Find the line containing "zij die twijfelen" in the entries; transcribe it and all remaining lines through the end, exactly as they appear, but not the pictures.
■ ■ ■
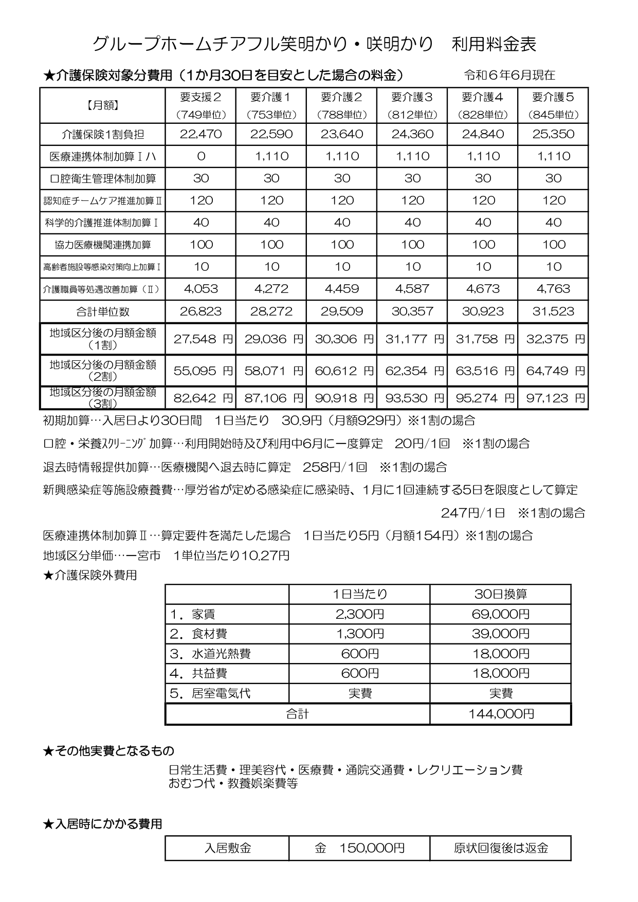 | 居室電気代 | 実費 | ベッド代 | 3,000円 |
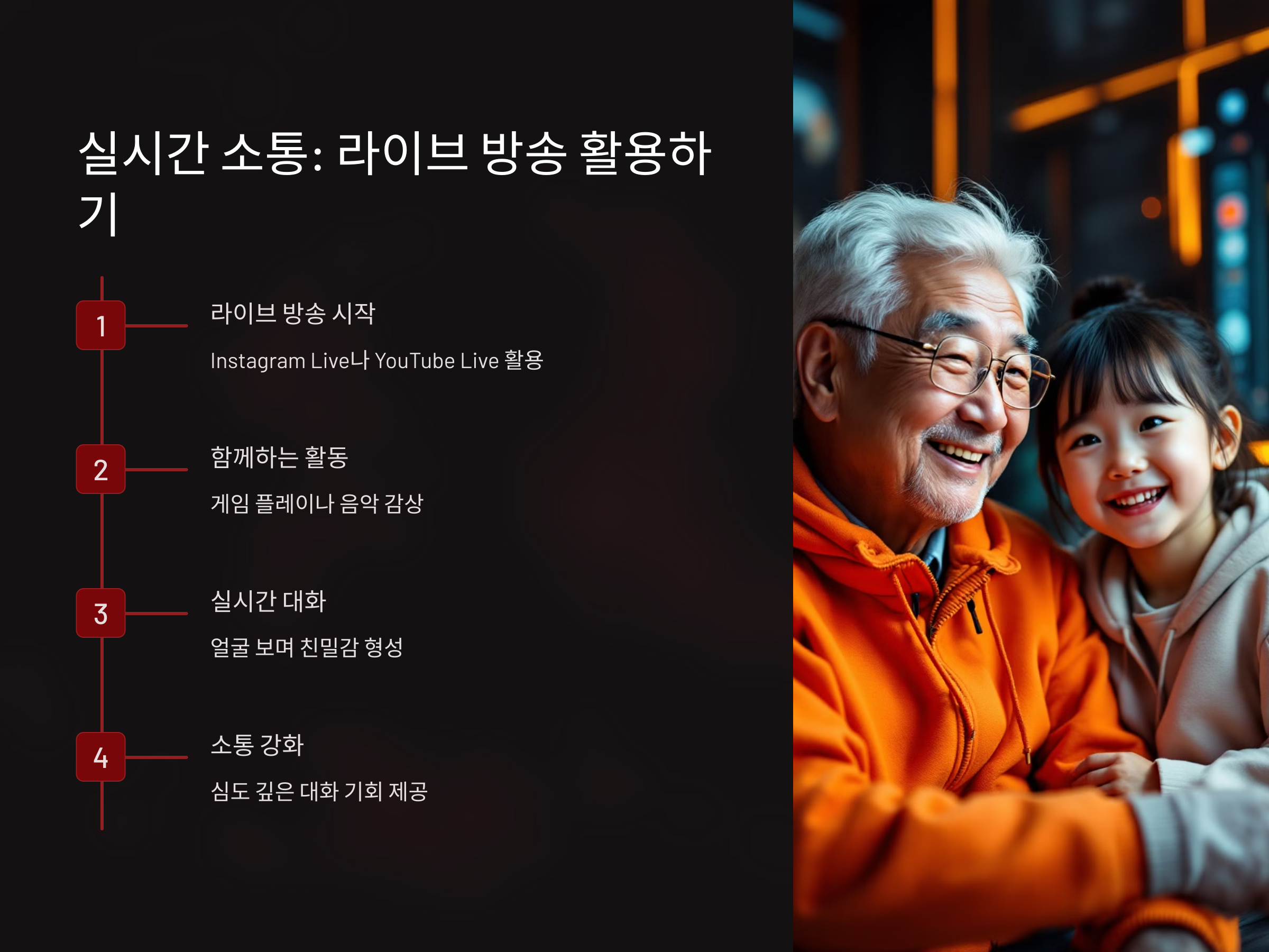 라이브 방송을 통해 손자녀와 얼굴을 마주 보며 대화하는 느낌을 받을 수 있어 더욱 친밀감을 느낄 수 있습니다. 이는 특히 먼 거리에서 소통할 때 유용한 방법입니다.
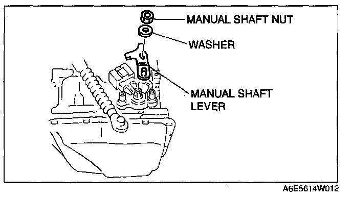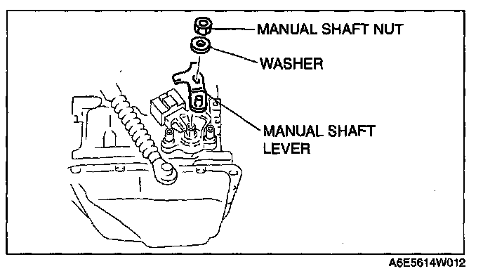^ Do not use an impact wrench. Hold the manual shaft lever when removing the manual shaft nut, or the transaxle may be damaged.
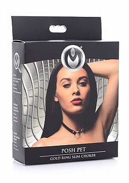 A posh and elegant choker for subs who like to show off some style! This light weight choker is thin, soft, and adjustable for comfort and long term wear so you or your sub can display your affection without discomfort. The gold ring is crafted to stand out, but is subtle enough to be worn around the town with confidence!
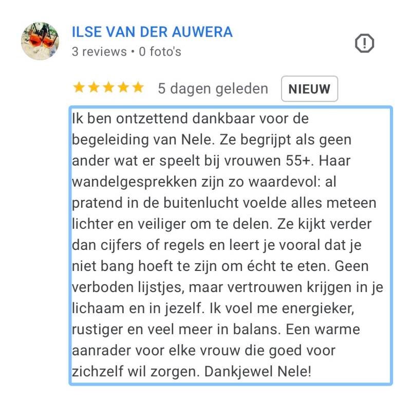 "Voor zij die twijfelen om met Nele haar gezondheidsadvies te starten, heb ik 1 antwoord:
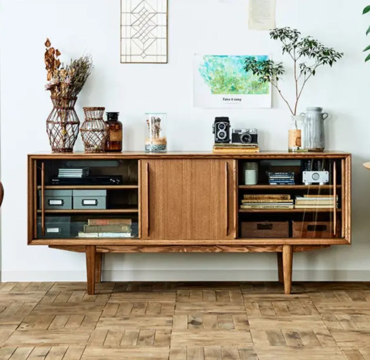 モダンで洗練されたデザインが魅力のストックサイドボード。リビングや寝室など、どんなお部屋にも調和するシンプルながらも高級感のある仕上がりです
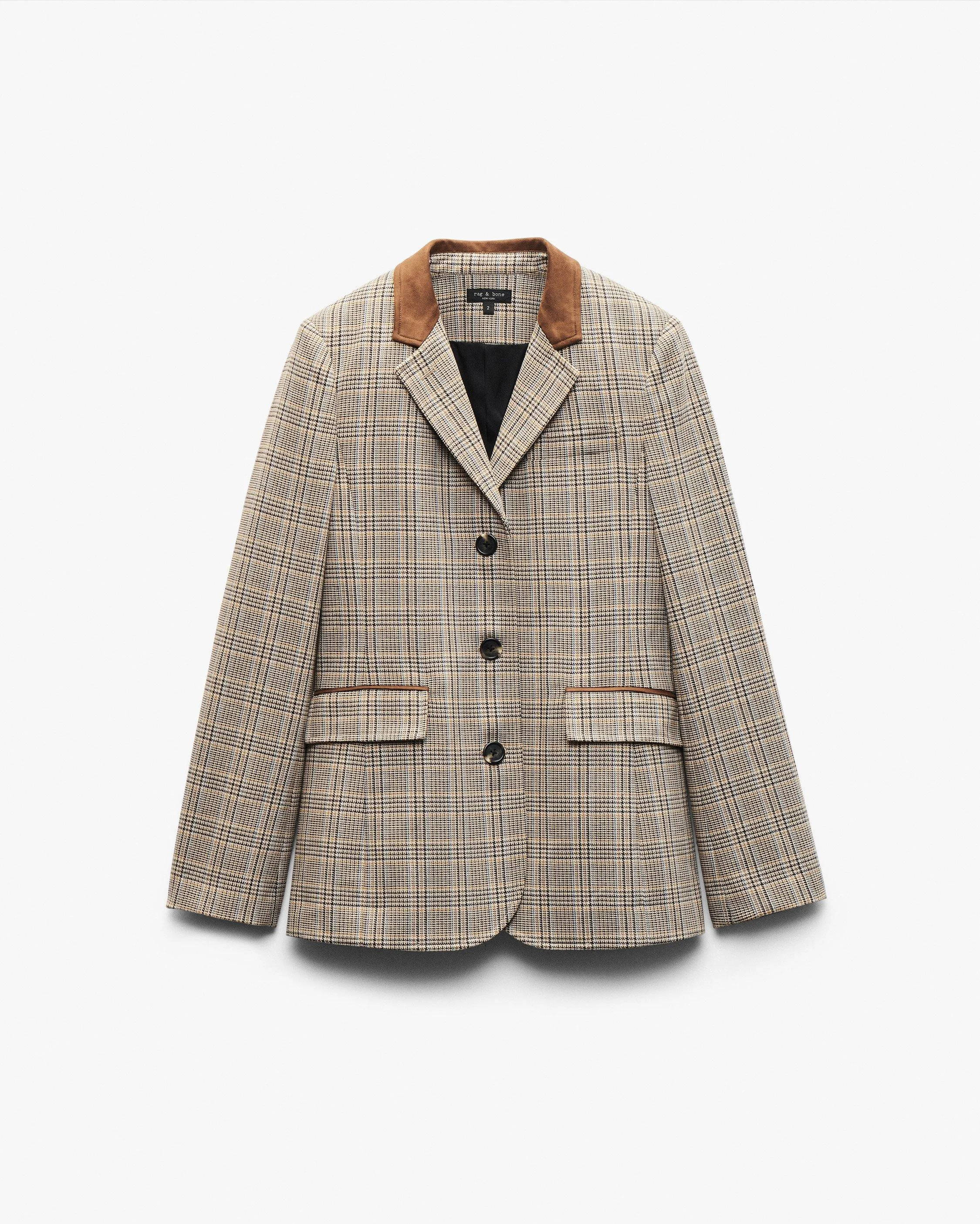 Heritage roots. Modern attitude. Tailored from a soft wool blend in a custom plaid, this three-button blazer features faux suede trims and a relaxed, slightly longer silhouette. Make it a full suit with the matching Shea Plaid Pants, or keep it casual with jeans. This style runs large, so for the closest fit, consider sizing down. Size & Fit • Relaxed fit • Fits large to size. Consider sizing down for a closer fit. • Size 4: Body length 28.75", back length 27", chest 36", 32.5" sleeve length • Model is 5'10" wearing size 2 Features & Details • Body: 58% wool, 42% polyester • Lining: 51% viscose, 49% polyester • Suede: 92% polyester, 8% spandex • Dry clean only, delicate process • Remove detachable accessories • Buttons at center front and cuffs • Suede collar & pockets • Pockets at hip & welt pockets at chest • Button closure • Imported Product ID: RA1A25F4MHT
■ ■ ■
• **Task answer**:
 "Voor zij die twijfelen om met Nele haar gezondheidsadvies te starten, heb ik 1 antwoord:
 モダンで洗練されたデザインが魅力のストックサイドボード。リビングや寝室など、どんなお部屋にも調和するシンプルながらも高級感のある仕上がりです
 Heritage roots. Modern attitude. Tailored from a soft wool blend in a custom plaid, this three-button blazer features faux suede trims and a relaxed, slightly longer silhouette. Make it a full suit with the matching Shea Plaid Pants, or keep it casual with jeans. This style runs large, so for the closest fit, consider sizing down. Size & Fit • Relaxed fit • Fits large to size. Consider sizing down for a closer fit. • Size 4: Body length 28.75", back length 27", chest 36", 32.5" sleeve length • Model is 5'10" wearing size 2 Features & Details • Body: 58% wool, 42% polyester • Lining: 51% viscose, 49% polyester • Suede: 92% polyester, 8% spandex • Dry clean only, delicate process • Remove detachable accessories • Buttons at center front and cuffs • Suede collar & pockets • Pockets at hip & welt pockets at chest • Button closure • Imported Product ID: RA1A25F4MHT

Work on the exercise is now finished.